Counting experiments
In a counting experiment, you count the number of occurances of an event in a certain time interval. Currently, we record 16us waveforms, but the exact length of the time interval is irrelevant. In these 16us, we want to know how much light was seen. So, we count the number of photo electron (p.e.) peaks. These peaks have a very distinct shape and a well-defined height. It depends on the measurement which peaks are relevant, e.g. for dark count measurements only the single p.e. peaks are interesting, the rest is "background". In the end, we'll have a number of events in a certain time interval. These counts are Poisson distributed. So, if we take multiple measurements, and our process it truly a Poisson process, we'll be able to fit a nice Poisson distribution to the counts we measured. The maximum likelihood estimator (MLE) for the Poisson parameter λ is then simply the sample mean. This MLE is unbiased, efficient, complete and sufficient. λ is the expected value, as well as the variance, so when we have λ, we are basically done.

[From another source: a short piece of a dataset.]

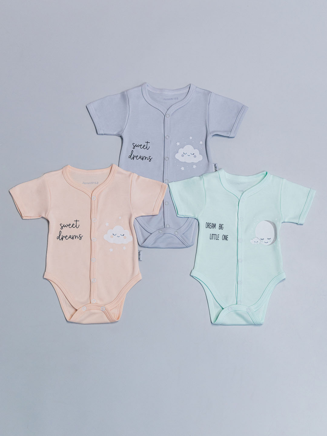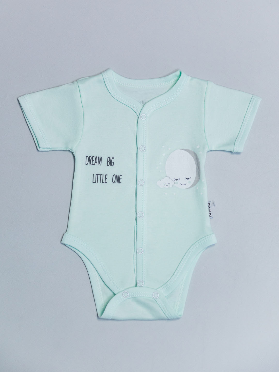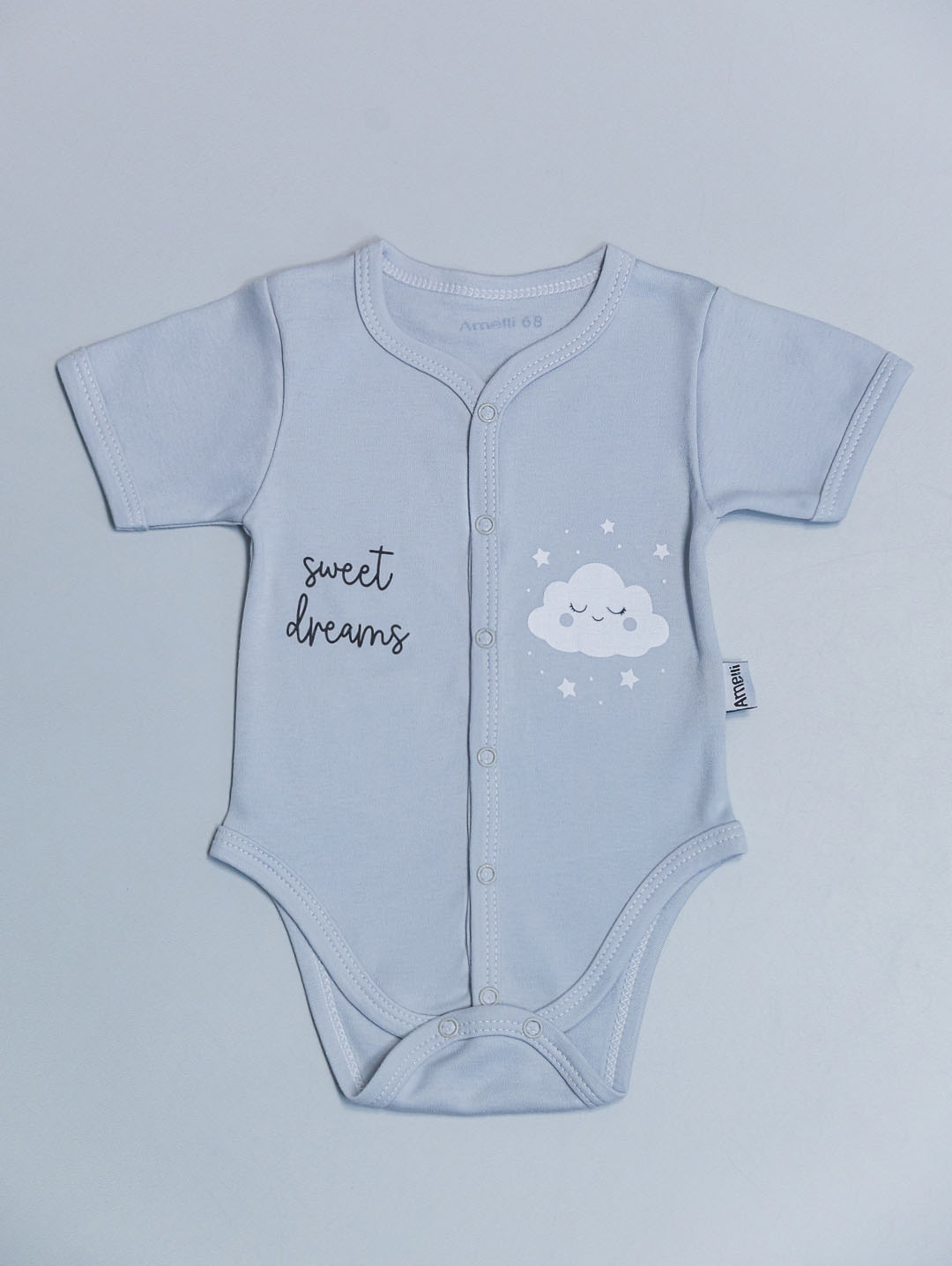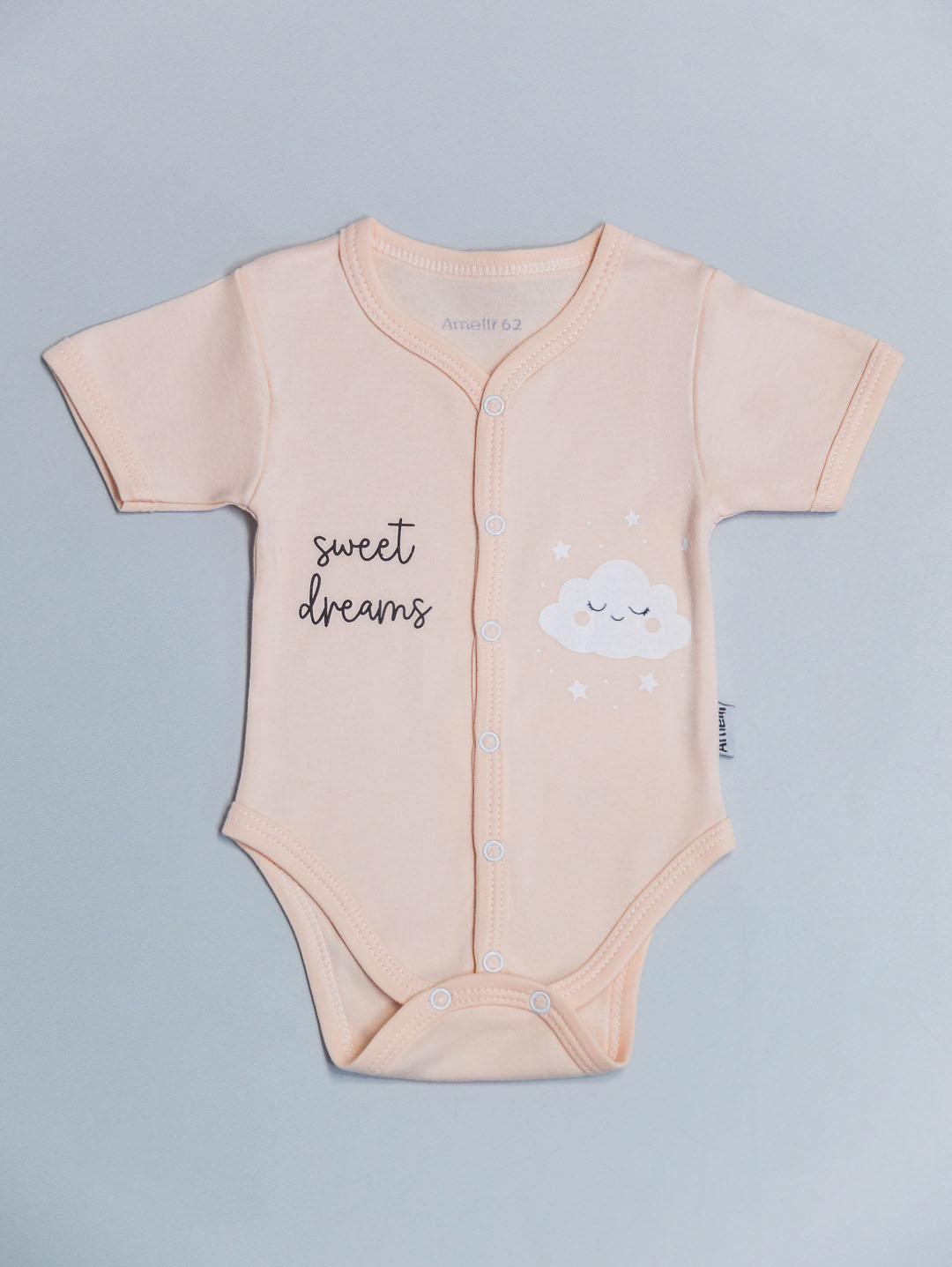 Боди Р62-80 с застёжкой в середине на кнопках, короткий рукав с бейкой по краю.

The rates we expect for our measurements are rather high, especially at room temperature. For example, the VUV sensitive SiPMs have a dark count rate of ~1.5-2 MHz at room temperature. Since we can see a Poisson(100) distribution as the sum of 100 Poisson(1) distributions, we can apply the central limit theorem and approximate the Poisson distribution as a Gaussian if we have more than ~20 counts per time interval (or above 1.25 MHz). We'll need to apply a continuity correction too. For lower rates, we can simply take longer measurements in order to still be able to use the Gaussian approximation. But we like to use Poisson statistics whenever possible, because it is simple.
Noise effects
So, from our peak count we get an estimate for the rate. However, we also have noise in our measurements. And it can happen that we confuse a noise peak with a p.e. peak, or that noise makes a p.e. peak unrecognizable - causing us to miss it. Both of these types of noise are in principle also Poisson processes, therefore our measured distribution would still be Poissonian. Unfortunately, sometimes a couple of waveform recordings in a row go wrong, e.g. because of connection problems, and then our peak events are no longer independent of the time. Similar time dependencies of the measurement broaden our Poisson distribution. If our Poisson parameter λ is large enough that we can use the Gaussian approximation, we will most likely still find our measurements can be approximated by a Gaussian distribution. However, the variance will be larger than the Poissonian square root of λ.